Wednesday, February 16, 2011

Paper Reading #9

Comments:
Comment #1
Comment #2
Reference:
Title: Creating Collections with Automatic Suggestions and Example-Based Refinement
Author: Adrian Secord, Holger Winnem¨oller, Wilmot Li, Mira Dontcheva
Venue: UIST 2010; New York University & Adobe Systems Inc. 
Summary:
This article discusses two systems that create collections from media devices. The musical program was SongSelect, and the photo program was PhotoSelect. 

SongSelect has a query based interface. A user can type in "a lot of rock, no U2," etc. The program recognizes key words such as "a lot, some, no," etc, and the program will create a playlist from that. The user can also specify the number of songs or overall length of the playlist. From there, the interface has a suggestion widget that does exactly as it describes. The user can drag and drop the suggestions onto the playlist. Also, the interface has two tabs for history and the user's library.

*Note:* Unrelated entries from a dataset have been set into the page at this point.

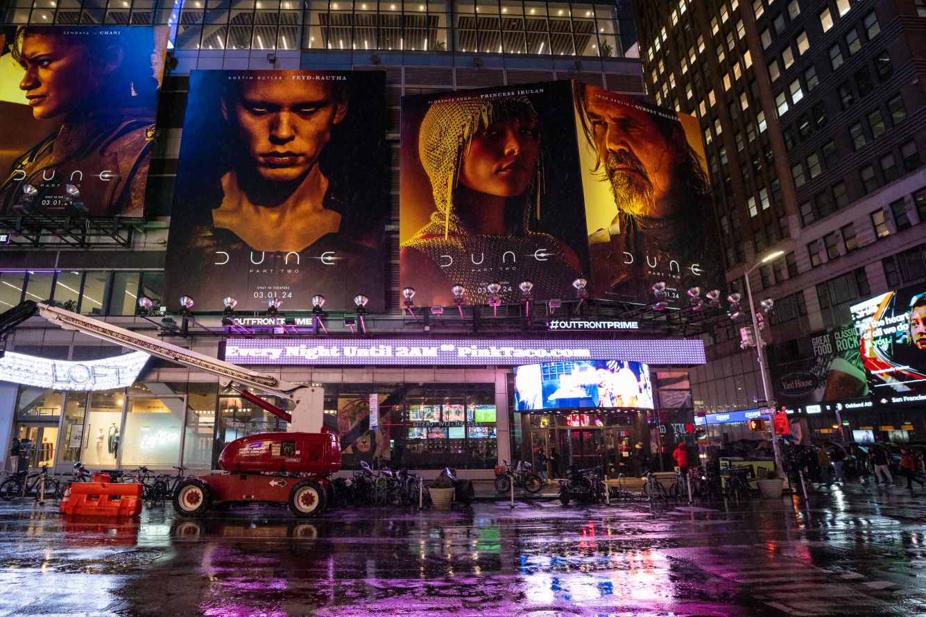 Обычно промокампания большой премьеры начинается за несколько месяцев до выхода фильма в прокат. «Дюну» начали продвигать еще в первой половине 2023 года — кинокомпания успела выпустить два трейлера фильма, но потом началась забастовка, которая продолжалась до ноября. Все это время исполнители главных ролей — Тимоти Шаламе, Зендея, Остин Батлер, Флоренс Пью, Дэйв Батиста, Леа Сейду, Хавьер Бардем, Ребекка Фергюсон — не могли участвовать в продвижении фильма (все они — члены бастовавшей Гильдии киноактеров США). После окончания страйка аудиторию пришлось готовить к премьере заново.
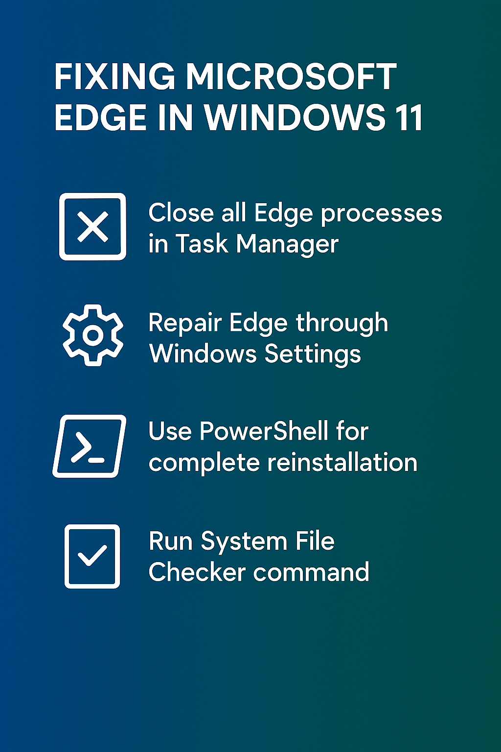 The process uses built-in tools such as PowerShell, Microsoft Edge’s repair options, and other native Windows utilities.
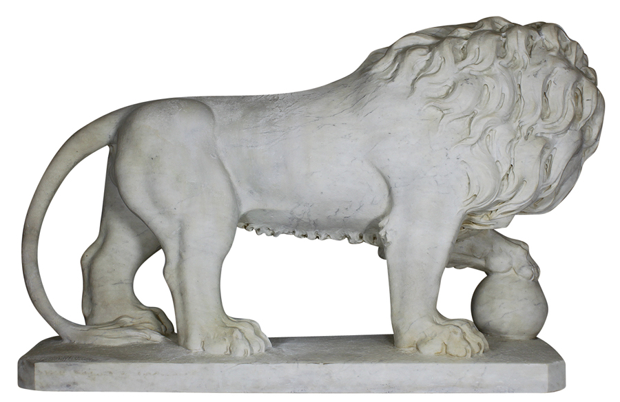 A Palatial Life-Size Pair of Italian 19th Century Finely Carved White Marble Figures of Lion Guards, after a model of the Medici Lions from the Villa Medici in Rome, and since 1789 displayed at the Loggia dei Lanzi, Florence. Each imposing sculpture depicts a standing male lion with a sphere under one raised paw and looking to the side, the finely carved body with detailed carvings of the ribs, veins and fur. Unsigned. Circa: Florence, 1870-1880.
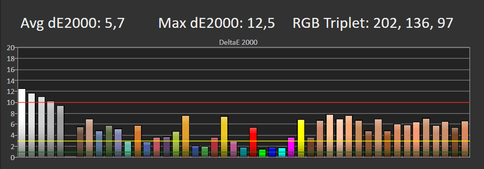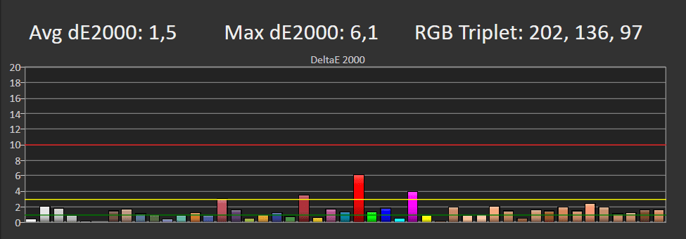 Po szybkiej dwupunktowej kalibracji balansu bieli średni błąd spada do 1,5, co jest znakomitym wynikiem.

A user can drag and drop from the library, or use previous searches/queries from these tabs. 

PhotoSelect is very similar to SongSelect. It still uses the query based system to generate collections, and has two panes with the library on one side and the collection being generated on the other. The keywords are mostly the same, and the suggestion widget is still there. However, they changed a bit about the suggestion widget for PhotoSelect. PhotoSelect uses a grid structure to display the photos, so no metadata is visible. 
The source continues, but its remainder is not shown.